From Rags to Riches
Philip Green is best known as the high street fashion mogul who ripped up the traditional rule book and took over half the high street with his ownership of the Arcadia Group that comprises Topshop, Topman, Burton, Wallis, Dorothy Perkins, British Home Stores, Evans, Outfit and Miss Selfridge.
But, of course, this is not the case. Green doesn’t own the company at all as within 24 hours of purchasing Arcadia, he had ‘sold’ the company to his wife, Tina Green, who, co-incidentally, lives in Monaco and is therefore not subject to UK taxation. How terribly convenient, and what faith Sir Philip must have in the loyalty of his dear wife!
Sir Philip Nigel Ross Green was born in 1952 in South London to a successful Jewish property-developer father, joining his older sister Elizabeth in a comfortable middle-class home. At the age of nine he was sent to the now closed Jewish boarding school Carmel College in Oxfordshire, where he was studying at the time that his father suddenly died of a heart attack, leaving Green to inherit his father’s company at the age of 12. Being a naturally sharp and savvy trader, he left school aged 15 and did a spell as a shoe importer before borrowing £20,000, and launching a business buying cheap jeans from the Far East and selling them on to retailers in London at a considerable margin.
This was to be the foundation stone of the Arcadia Group: buy ‘em low and flog ‘em high. In 1979, Green purchased, at rock-bottom prices, the entire remaining stock of ten fashion designers who had gone into receivership, had the lot dry cleaned and wrapped in polythene to make it look new, and then purchased a shop in which to sell them direct to the public. He sold out in seven days and realised the public’s appetite for a fashion bargain – flogging schmutter to the masses.
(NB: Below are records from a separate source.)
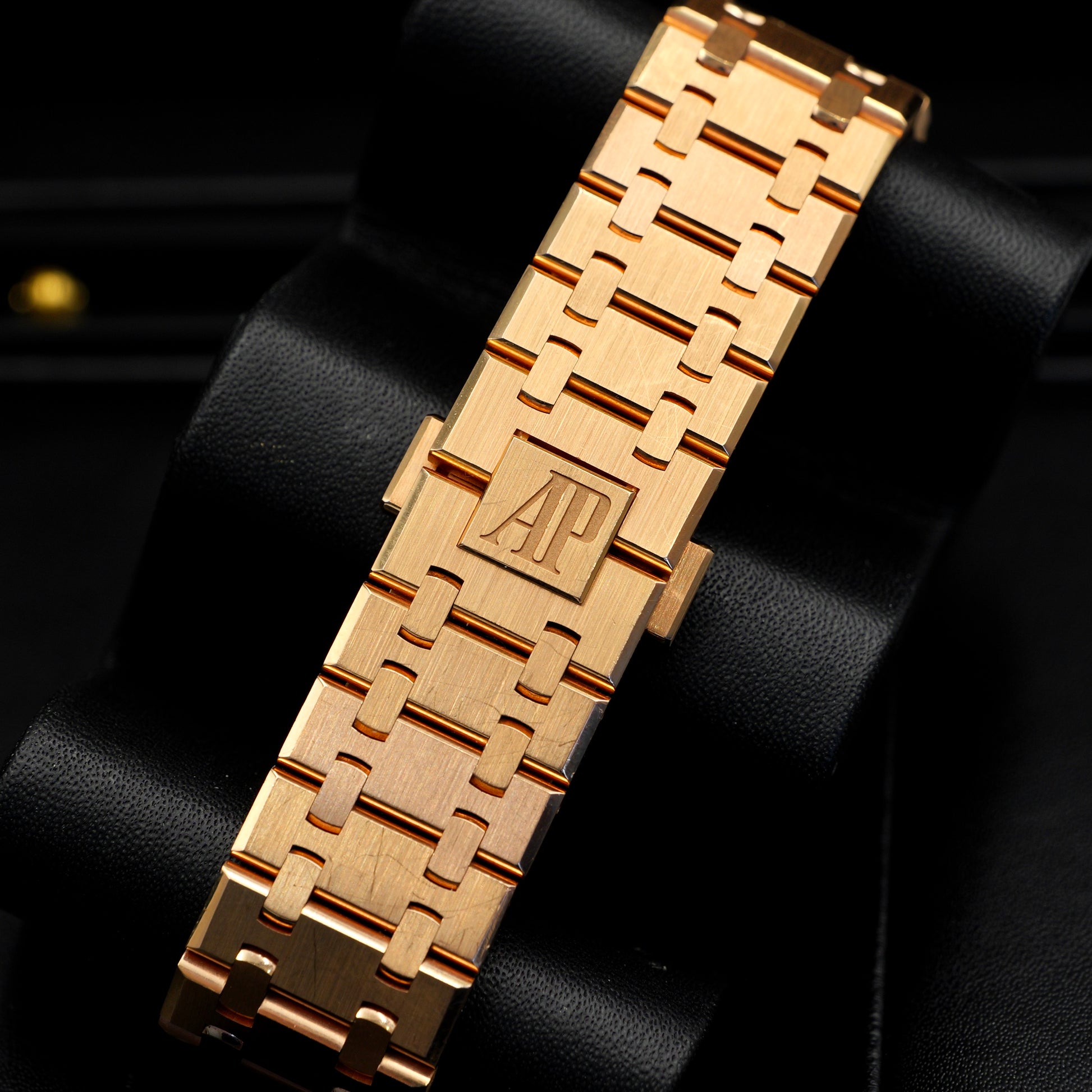 The Audemars Piguet Royal Oak 15400OR in 18k rose gold is a striking fusion of refined aesthetics and iconic design. Its 41mm case, meticulously hand-finished with satin brushing and polished bevels, is framed by the legendary octagonal bezel with exposed white gold screws, delivering a powerful and instantly recognizable presence.
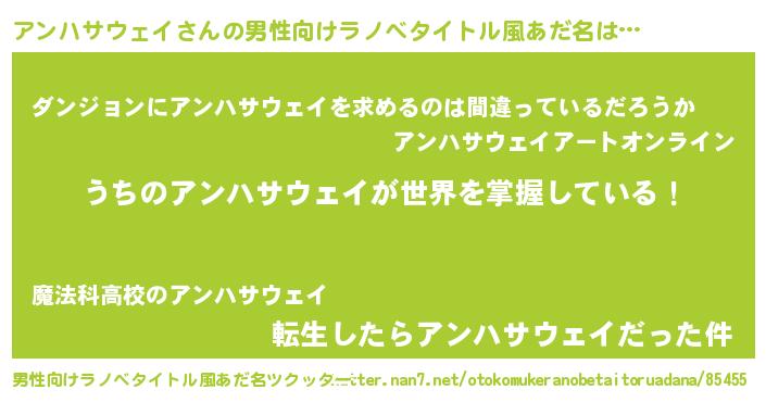 | ピコ太郎風あだ名 | 『アン八郎』『アコ六郎』『アア太郎』 |
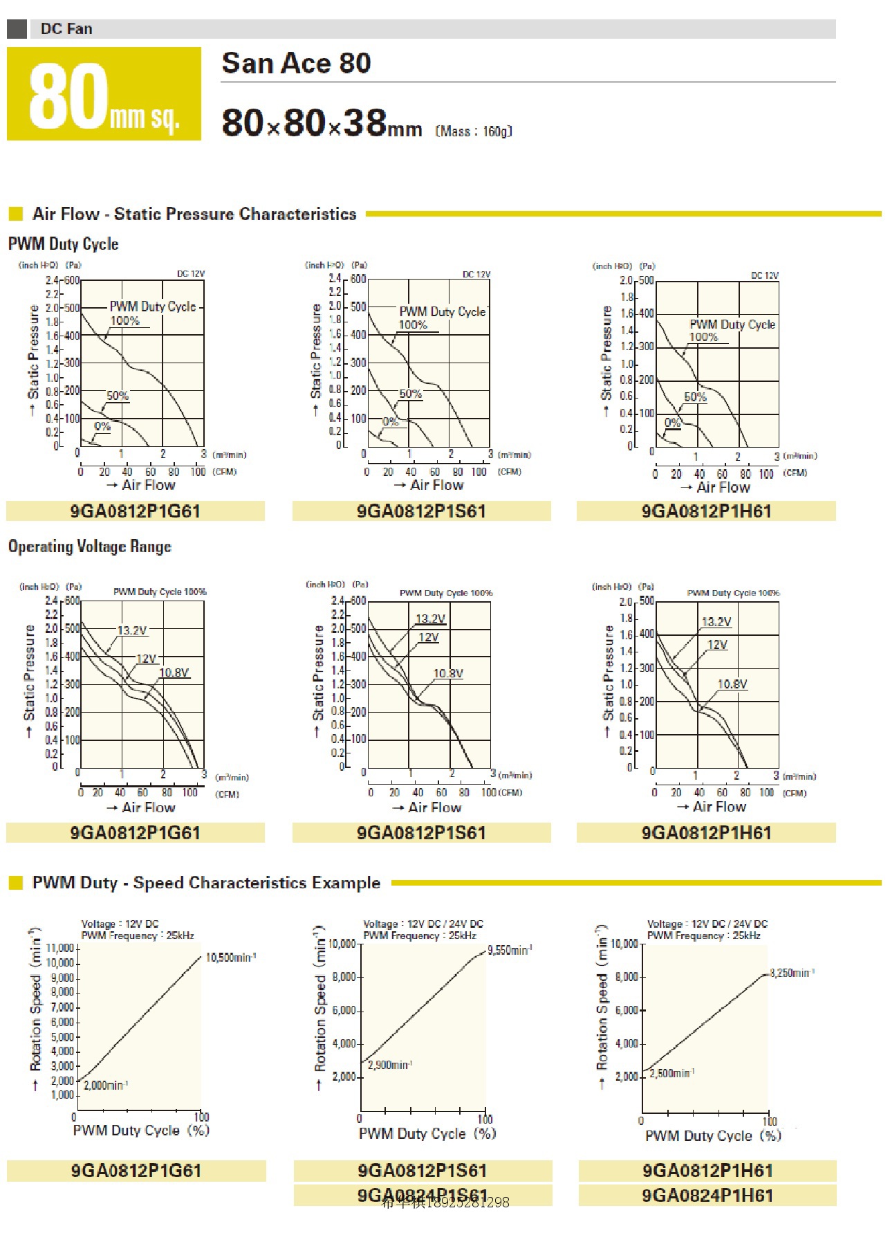 9GA0812P1G61(611) 电流1.2/0.04A 功率14.4/0.48W 转速10500/2000RPM 风量100.6/18CFM 静压480/28.7Pa 噪音值60/21DB
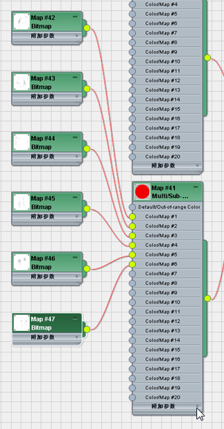 (最大化显示),这样您就可以同时查看材质节点和多维/子贴图节点。
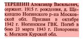 | Ищу информацию о своем дяде Терешине Александре Васильевиче 1915 года рождения д.Щекавцево Московской обл Ногинского района воевал на Финской войне, в ВОВ был танкистом,воевал под Курском,погиб смертью храбрых в 1943 году,похоронен х Малиновский Курской обл, к сожелению нет никаких документов |
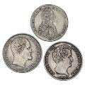Christian VI, 24 skilling 1731, H 6B, kval. 1, Christian VIII, 1 rigsbankdaler 1847 VS, kval. 1+, og Frederik VII, 1 rigsdaler 1855 FF, kval. 1+, i alt 3 stk.
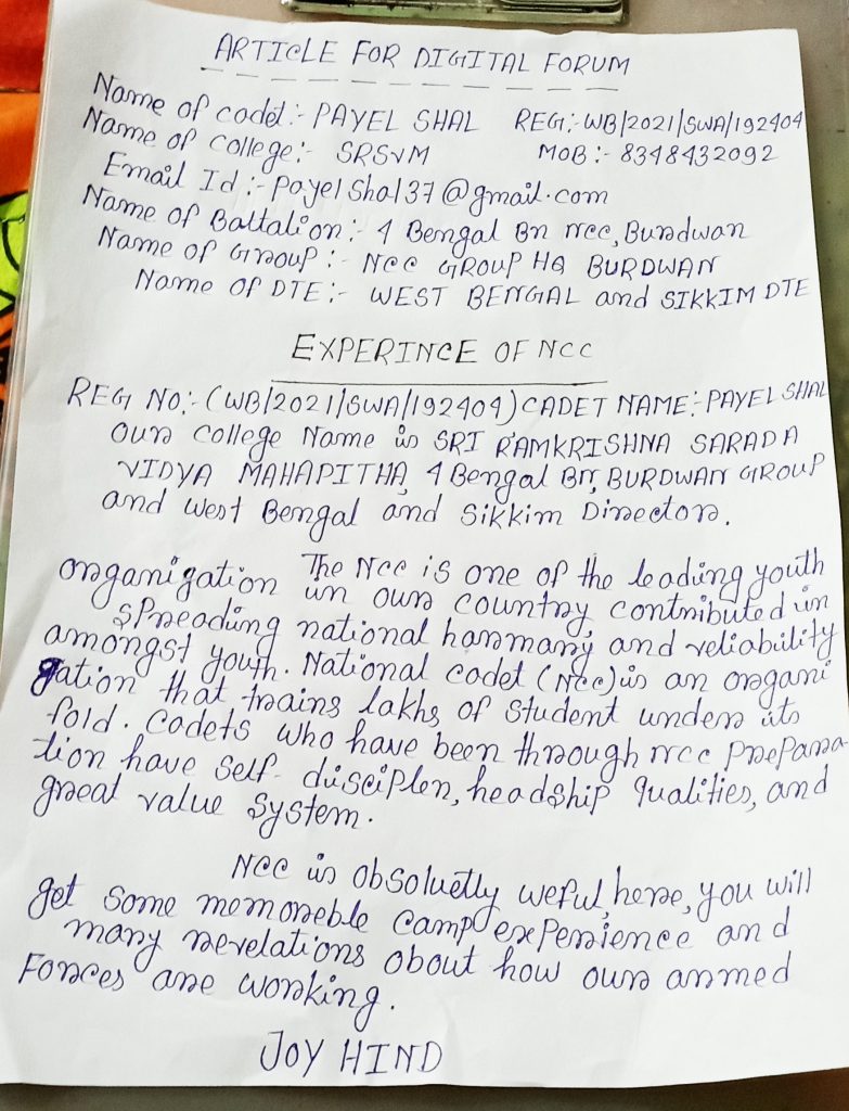 Article on Agnipath Scheme by WB20SDA228178 JUO Sahil pradhan from Surya Sen mahavidya ,16 Bengal BN NCC , Darjeeling and Sikkim Group , West Bengal and Sikkim Directorates.

Green has been called a spiv, a brawler and a former barrow boy – all claims made by his rivals, who have seen their market share and profits slide whilst Green saunters up the high street buying anything he fancies and turning it into a huge success. There were cheers from the cheap seats when his bid for Marks & Spencer was rebuffed, and he was told what to do with his £9bn bid. Green is not establishment and is therefore not deemed to be ‘one of them’. So miffed was he by his treatment over the M&S bid that he allegedly punched arch-rival, Stuart Rose, and then passed him his mobile phone so his wife could have a go at him too.